Have you had favourite coach-trippers over the years?
Yeah. The longer they stay on, the more I get to know them. I’ve kept in touch with one or two from earlier tours, but it’s very difficult to keep in touch because there are so many couples. But when I do panto at Christmas, a lot of them come and visit me. I’ve had whole groups of them turn up from London! But to physically keep in touch with so many of them is difficult.

 

What about any less-favoured coach-trippers?

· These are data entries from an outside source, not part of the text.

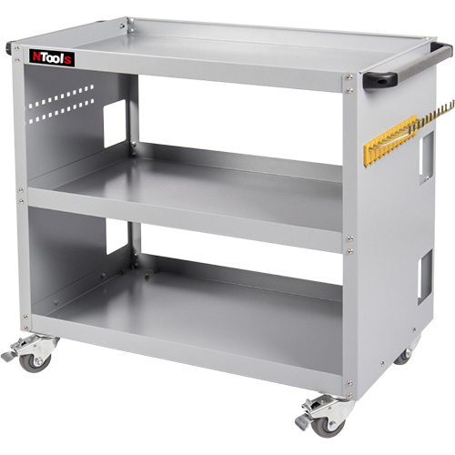 NTools 3S Heavy - это надежная и большая тележка для мастерских с очень прочной конструкцией. Предназначена для использования в рихтовочных, малярных и столярных мастерских. Служит для хранения и транспортировки инструментов и различного оборудования в мастерских. Имеет 3 глубокие и вместительные полки. ПРЕИМУЩЕСТВA: - надежная конструкция - универсальное применение - большая грузовместимость - вместительныеи большие полки - колеса с резиновым ободом и тормозами Отзывы пользователей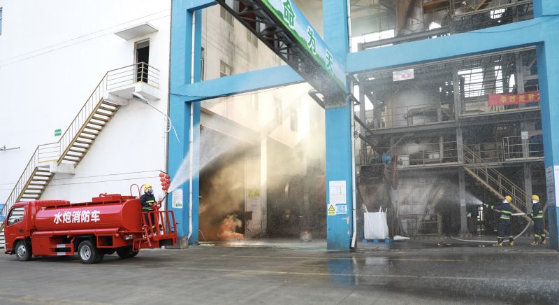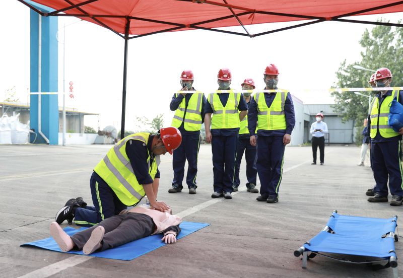 本次應(yīng)急演練活動現(xiàn)場位于危廢處置中心危險廢物焚燒車間,模擬場景設(shè)計為巡檢人員在更換窯頭噸桶廢液時,由于操作不當,回流管從收集桶中甩出至地面,廢液飛濺到巡檢人員額面部,造成灼傷。同時,廢液濺至回轉(zhuǎn)窯周邊遇熱燃燒,并點燃回流管不斷涌出的廢液。事故發(fā)生后,危廢中心應(yīng)急救援隊伍各司其職,消防與搶險救災(zāi)組使用滅火器、消火栓、消防水炮霧化滅火;警戒保衛(wèi)組對事故現(xiàn)場警戒;醫(yī)療救護組對受傷人員進行心肺復蘇急救,將受傷員工外送就醫(yī);環(huán)境保護組打開應(yīng)急水池閘門,做好消防水及洗消水的收集工作。通過各現(xiàn)場應(yīng)急救援組織機構(gòu)協(xié)同努力,緊急情況得以解除,現(xiàn)場經(jīng)洗消檢驗后恢復正常狀態(tài)。
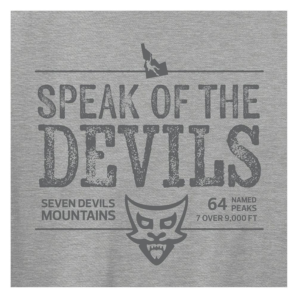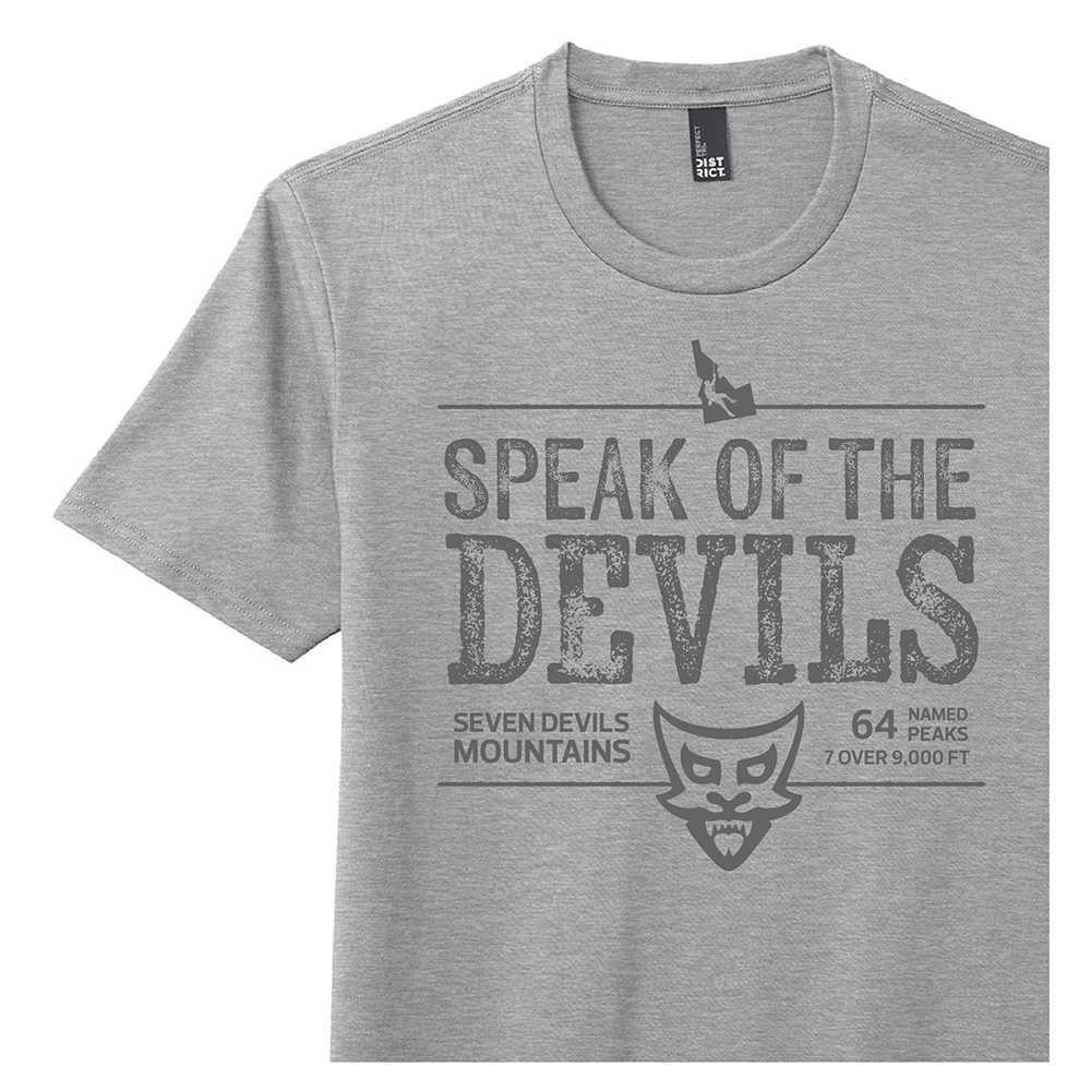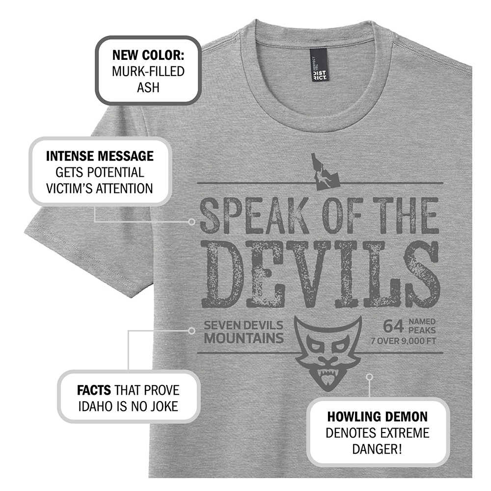 The “Speak of the Devil” design is printed locally in Idaho on a District Perfect Tri Tee, 4.54 ounce, short-sleeve uni-sex t-shirt. The material is made of 50/25/25 poly/combed ring spun cotton/rayon. Each shirt has a tear away label for easy removal.

Yeah, it was one couple, two ladies, and one was a night club owner in London. And they arrived and I took them to lunch. She started ordering double vodkas, and I said she couldn’t do that, she could order a beer or a glass of wine, but she needed to be sober for the vote. So we had a row about her alcohol consumption. I think she lasted a day, and then left of her own volition. She said it wasn’t the tour she wanted to be on. So they decided to leave. I don’t think they really knew what the show was about, I think they just thought they could waltz round Europe on a coach, drinking vodka.